Enterado de la existencia de una legítima heredera, Nuncto concentró sus esfuerzos en atraparla. Sus brutos forzaron y torturaron a familias enteras para arrancarles el paradero de Hilda, pero esta, avisada, se ocultó en los bosques. Harta de ver sufrir a su pueblo, pidió a su madre que le cediera el honor de ser la sacerdotisa mayor del culto, y bajo esa dignidad logró reunir a todos los fieles de la zona y trazar un plan para deshacerse de Nuncto. Espiando al abad supieron que todos los domingos tras la misa salía a pasear por las heredades en compañía de sus hombres de armas, y esta costumbre fue la perdición del religioso. Pues un domingo, mientras caminaba por los pastos, el abad oyó unas voces lejanas que le increpaban. Descubrió el clérigo a un grupo de gente que, saliendo de un bosque cercano, le gritaban y le hacían gestos obscenos. Encolerizado, Nuncto mandó a todos sus hombres a perseguirlos, quedando solo. Fue entonces cuando Hilda, en compañía de otro grupo que se ocultaba tras una colina en el lado opuesto, salió en su persecución y, tras alcanzarlo fácilmente, lo mataron en el acto.

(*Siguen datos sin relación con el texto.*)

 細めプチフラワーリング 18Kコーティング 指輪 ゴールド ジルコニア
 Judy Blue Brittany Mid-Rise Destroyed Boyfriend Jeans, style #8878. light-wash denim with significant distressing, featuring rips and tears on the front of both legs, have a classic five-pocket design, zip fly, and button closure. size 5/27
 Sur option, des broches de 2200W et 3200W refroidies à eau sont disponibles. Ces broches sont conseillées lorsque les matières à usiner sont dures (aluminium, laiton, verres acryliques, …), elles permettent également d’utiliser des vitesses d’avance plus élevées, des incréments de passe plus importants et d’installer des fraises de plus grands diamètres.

Al poco tiempo, el obispo Masona, al enterarse del suceso, mandó a sus hombres para que hicieran averiguaciones y apresaran a los culpables, cosa que lograron. De inmediato, Hilda, junto con otros cabecillas, fueron conducidos a presencia del rey Leovigildo para que recibieran de él su castigo. Mas este, enfrentado por aquel tiempo con Masona (que se había convertido al cristianismo, siendo el rey arriano), sentenció, con desprecio, que, si en verdad aquellas personas habían causado la pérdida de un siervo de Dios, que fuera Este, y no él, quien los castigara, tras lo cual los absolvió a todos. Adoptó entonces el feudo bajo su protección directa, y así el asesinato perpetrado por Hilda quedó impune, y esta, liberada y convertida en legendaria heroína para los suyos.


IDEAS DE AVENTURAS


  • Podría ser esta una buena ocasión para llevar Aquelarre a la Alta Edad Media, en tiempos de los godos, aunque, con muy pocas modificaciones, valdría para una partida en el periodo oficial del juego (siglos XIV y XV). La historia se puede vivir desde dos ángulos interesantes: el de los paganos o el de los cristianos.

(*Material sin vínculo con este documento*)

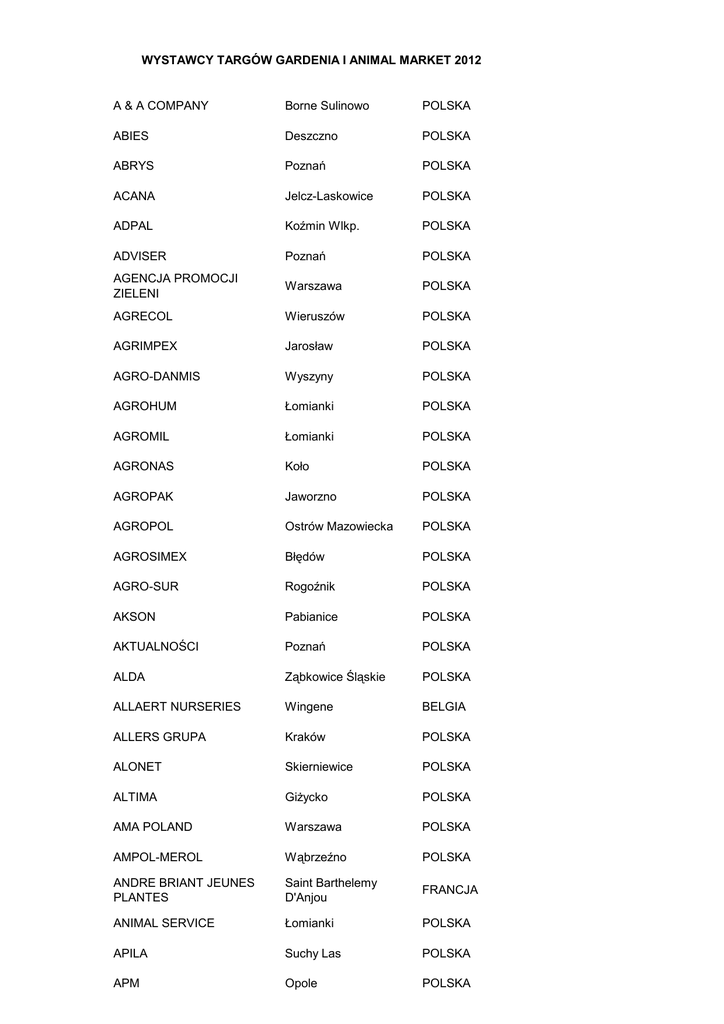 WYSTAWCY TARGÓW GARDENIA I ANIMAL MARKET 2012 A & A COMPANY Borne Sulinowo POLSKA ABIES Deszczno POLSKA ABRYS Poznań POLSKA ACANA Jelcz-Laskowice POLSKA ADPAL Koźmin Wlkp. POLSKA ADVISER Poznań POLSKA AGENCJA PROMOCJI ZIELENI Warszawa POLSKA AGRECOL Wieruszów POLSKA AGRIMPEX Jarosław POLSKA AGRO-DANMIS Wyszyny POLSKA AGROHUM Łomianki POLSKA AGROMIL Łomianki POLSKA AGRONAS Koło POLSKA AGROPAK Jaworzno POLSKA AGROPOL Ostrów Mazowiecka POLSKA AGROSIMEX Błędów POLSKA AGRO-SUR Rogoźnik POLSKA AKSON Pabianice POLSKA AKTUALNOŚCI Poznań POLSKA ALDA Ząbkowice Śląskie POLSKA ALLAERT NURSERIES Wingene BELGIA ALLERS GRUPA Kraków POLSKA ALONET Skierniewice POLSKA ALTIMA GiŜycko POLSKA AMA POLAND Warszawa POLSKA AMPOL-MEROL Wąbrzeźno POLSKA ANDRE BRIANT JEUNES PLANTES Saint Barthelemy D'Anjou FRANCJA ANIMAL SERVICE Łomianki POLSKA APILA Suchy Las POLSKA APM Opole POLSKA AQUAEL Warszawa POLSKA AQUA-SZUT Wrocław POLSKA ARGI Mirsk POLSKA ARIES POWER EQUIPMENT Warszawa POLSKA ARTKRIS Ruda Śląska POLSKA AVANT POLSKA Przybysławice POLSKA A-Z DECOR Nadarzyn POLSKA AZAN Radom POLSKA BADIS Warszawa POLSKA BAJA Zabrze POLSKA BANASIAK SZKÓŁKA KRZEWÓW OZDOBNYCH Góra Św. Małgorzaty POLSKA BARCIKOWSKI Pakość POLSKA BARENBRUG POLSKA Tarnowo Podgórne POLSKA BARTEX śagań POLSKA BAYER Warszawa POLSKA BAZKAR Inowrocław POLSKA BEAPHAR Reda POLSKA BELLOTA HERRAMIENTAS Legazpi (Guipuzcoa) HISZPANIA BEN GARDEN Deszczno POLSKA BENEX GARDENS Chrzypsko Wielkie POLSKA BENEX GARDENS Chrzypsko Wielkie POLSKA BEPPE Zawiercie POLSKA BEREZIŃSCY Tuszyn POLSKA BEST-PEST Jaworzno POLSKA BIO-PRODUKTY Szczecin POLSKA BIOVITA Tenczynek POLSKA BIO-WORLD Brudzew POLSKA BLOEMISTERIJ LEYBAERT BVBA Moerbeke-Waas BELGIA BODNAR Strzegom POLSKA BOGUSZYCKIE MIODY Szczecin POLSKA BONITA Poznań POLSKA BOOMKWEKERIJ Em Eefde HOLANDIA BÓR SZKÓŁKA DRZEW I KRZEWÓW OZDOBNYCH Sędziszów POLSKA BRADAS Olesno POLSKA BRINKMAN POLSKA Tychy POLSKA BROS Poznań POLSKA BROWAR EDI Wschowa POLSKA BRUNO NEBELUNG Everswinkel NIEMCY BUKANO Baniocha POLSKA BUSZREM Piotrków Trybunalski POLSKA BYCZKOWSKI Kostrzyn Wlkp. POLSKA CANIFEL Puszczykowo POLSKA CASTING K.S. POLAND Bydgoszcz POLSKA CELL-FAST Stalowa Wola POLSKA CENTER PLAST Jemielnica POLSKA CENTNAS Krotoszyn POLSKA CENTRUM TECHNIKI ROLNICZEJ Środa Wlkp. POLSKA CERAMIK- ART Lublin POLSKA CERAMIKA Lutomiersk POLSKA CERAMIKA SZAMOTOWA Świerzawa POLSKA CERES INTERNATIONAL Pyzdry POLSKA CERTECH Niedomice POLSKA CHOMIK Gdów POLSKA CHRISTOPHER GROENVERZORGING Lienden HOLANDIA CHRONOS Komorów POLSKA CHWIEDUK JAKUB Bygdoszcz POLSKA CICCOLELLA Honselersdijk HOLANDIA CIEPŁUCHA Konstantynów Łódzki POLSKA CLEMATIS Pruszków POLSKA CLEMATISY Kolincz POLSKA CNOS-GARDEN Komorniki POLSKA COMECO Płock POLSKA COMPO POLSKA Poznań POLSKA CONICA śory POLSKA COVAL Gdynia POLSKA CSF Rzeszów POLSKA CTH Zabrze POLSKA DĄBRÓWKA Lgota Wielka POLSKA DE MARTELAER BVBA Zelzate BELGIA DE MOLENPOL Opheusden HOLANDIA DECO- FLORA Michałów-Regionów POLSKA DEFORCHE CONSTRUCT Izegem BELGIA DELIS ARTUR FERENC Zabrze POLSKA DENDROFARMA Szadek POLSKA DOMINO Poznań POLSKA DOMINO Warszawa POLSKA DON PLAST Kraków POLSKA DON-KWIAT Kraśnik POLSKA DRAGO Gdańsk POLSKA DREWSMOL Lędziny POLSKA DUDA - CARS Poznań POLSKA DURPETA Kupiskis LITWA DZIALKOWIEC Warszawa POLSKA EASYPET Wyględy POLSKA EBA Krosno POLSKA ECO-LAND Barwice POLSKA EDEN GARDEN Goleniów POLSKA EKOBAT Łódź POLSKA EKO-BORD SYSTEM Komorniki POLSKA EKOBRASS Kłomnice POLSKA EKONAW Poznań POLSKA EKO-PARK Bydgoszcz POLSKA ELDRUT Wadowice Górne POLSKA ELKNER-SERVICE Skierniewice POLSKA ELWA-KONAR Gorzów Wlkp. POLSKA EMMA Poznań POLSKA ERBIS Wrocław POLSKA EUROFLORA Kalisz POLSKA EUROSYSTEM Przywory POLSKA EUROWIT Jarocin POLSKA EWAX Wrocław POLSKA EWENEMENT Wrocław POLSKA EXTECH Kraków POLSKA FARMER Bochnia POLSKA Michałowice POLSKA Plewiska POLSKA FIRMA OGRODNICZA Dankowice POLSKA FISKARS Słupsk POLSKA FLORALAND Nieporęt POLSKA FLORAMEDIA POLSKA Skierniewice POLSKA FLORENSIS POLSKA Warszawa POLSKA FLORIBRAS Śrem POLSKA FLORTOM Bydgoszcz POLSKA FOKUS Sulechów POLSKA FOKUS Sulechów POLSKA FORMA - CERAMIKA Białe Błota POLSKA FOSFAN Szczecin POLSKA FRITZ KAUSEK Mittenwalde NIEMCY GALA PRODUKT Oborniki Wielkopolskie POLSKA GALDA Gdańsk POLSKA GARDENIS Kaunas LITWA GARDEX Września POLSKA GARTE Swarzędz POLSKA GASTRO PLUS Poznań POLSKA GEO Imielin POLSKA GEOTABO Wrocław POLSKA GIS Czarny Bór POLSKA Baranowo POLSKA Baranowo POLSKA Słomniki POLSKA GOSPODARSTWO OGRODNICZE Owińska LABORATORIUM KULTUR TKANKOWYCH GRZEGORZ GRABARKIEWICZ POLSKA FARMINA PET FOODS POLSKA FIMTEC-POLSKA BELLDECO GLOBAL GARDEN PRODUKTS GLOBAL GARDEN PRODUKTS GOSPODARSTWO OGRODNICZE KUSIBABWYKA ALEKSANDRA GOSPODARSTWO OGRODNICZOSZKÓŁKARSKIE Kostrzyn Wlkp. POLSKA GOSPODARSTWO SZKÓŁKARSKIE Świerklaniec POLSKA GOSPODARSTWO SZKÓŁKARSKIE MARCINKÓW Bralin POLSKA GÓRALEKS-D Grębów POLSKA GRAFICOM Gdańsk POLSKA GRANDE FINALE Gdańsk POLSKA GRANUM Wodzierady POLSKA GREEN FINGERS Szczecin POLSKA GREEN-LAND Michalowice POLSKA GRUDZIŃSKI Sompolno POLSKA H.G. BRAUNE Jawor POLSKA HAIFA Mechelen BELGIA HANDELSKWEKERIJ G. HOOGENRAAD Ederveen HOLANDIA HAPPET Luboń POLSKA HIMAL Łódź POLSKA HOLLAS Pasłęk POLSKA HORTICO Wrocław POLSKA HORTMASZ Skierniewice POLSKA HORTNAS Góra POLSKA HORTPRESS Warszawa POLSKA HYDROKOMPLET Poczesna POLSKA IGLAK Osuchów POLSKA IMAGO Imielin POLSKA INFOMAX Kielce POLSKA INKLUZ Poznań POLSKA INTERGRAN Gorzów Śląski POLSKA INTERMAG Olkusz POLSKA INTERMAS POLSKA Poznań POLSKA INTERPLAST PLASTIC PRODUCTS Bytom POLSKA J.R. MOTOR SERVICES Sopot POLSKA JAAR Poznań POLSKA JAAR Poznań POLSKA JADORNA Poznań POLSKA JAF POLSKA Rokietnica POLSKA JOHN DEERE POLSKA Suchy Las POLSKA JOKER Poznań POLSKA JOSERA POLSKA Nowy Tomyśl POLSKA JUWEL Rybnik POLSKA KAMIENIARSTWO Mrągowo POLSKA KAPIAS Goczałkowice Zdrój POLSKA KD MEDIA Gdynia POLSKA KETTLER Wieleń POLSKA KIK KRAJEWSCY Leśniakowizna POLSKA KLINK Olsztyn POL

  • Si optas por los primeros, los PJ pueden ser miembros del culto a Salambó y ayudar a Hilda a echar de sus tierras a los invasores cristianos comandados por Nuncto. La partida comenzaría desde la llegada del abad, proclamándose señor del feudo, pasando por los abusos de sus matones, ayudar a Hilda a ocultarse y, finalmente, trazar el plan para deshacerse del fanático clérigo.

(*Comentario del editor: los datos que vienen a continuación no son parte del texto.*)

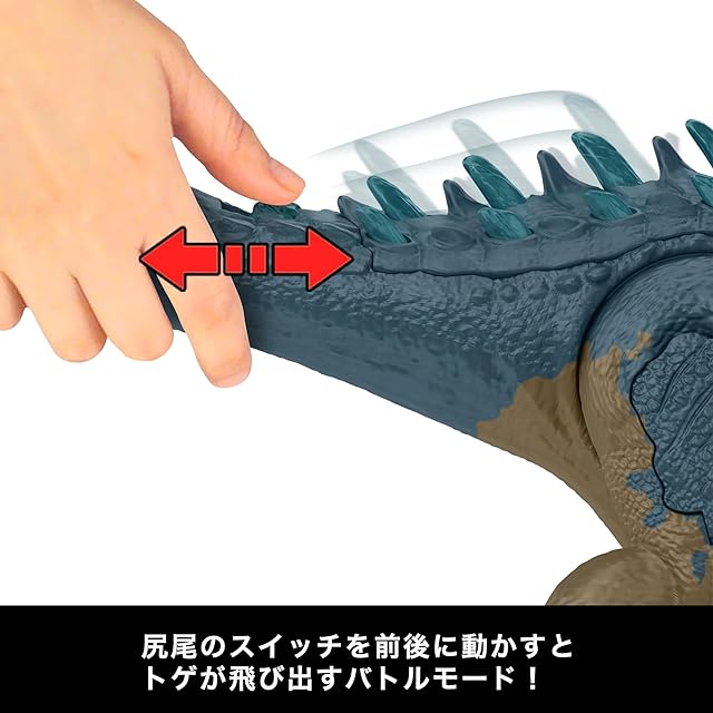 【内容】背中のボタンを前後に動かすと、ほえてあばれるアロサウルスの迫力満点のフィギュア。リアルな見た目とサウンドの他、背中のトゲが飛び出してバトルモードを楽しめます。フィギュアと連動する無料アプリ「ジュラシック・ワールド・プレイ」に対応しており、DNAコードをスマートフォンでスキャンすることで恐竜をコレクションできます。

  • Pero también podría ser interesante que los PJ fueran contratados por el obispo Masona para indagar sobre lo sucedido tras el asesinato de Nuncto. Los PJ llegarán a un lugar abiertamente hostil cuyos habitantes tratarán de expulsarlos a toda costa, y recurrirán al poder de su Diosa Madre, en manos de Hilda y sus sacerdotisas, para ponérselo realmente difícil. Capturar a Hilda debería ser el objetivo último.


  • La liberación de Hilda por parte de Leovigildo podría dar lugar incluso a una buena campaña, estén los PJ en el bando que estén, si Masona se lo toma como algo personal y se empecina en acabar con los paganos.

2 comentarios:

  1. ¿Qué tal si los Pj, siendo los mercenarios de Nuncto, hubieran evitado su muerte? Una nueva oleada represiva contra el culto y los campesino convertiría a la aventura o campaña en algo más oscura.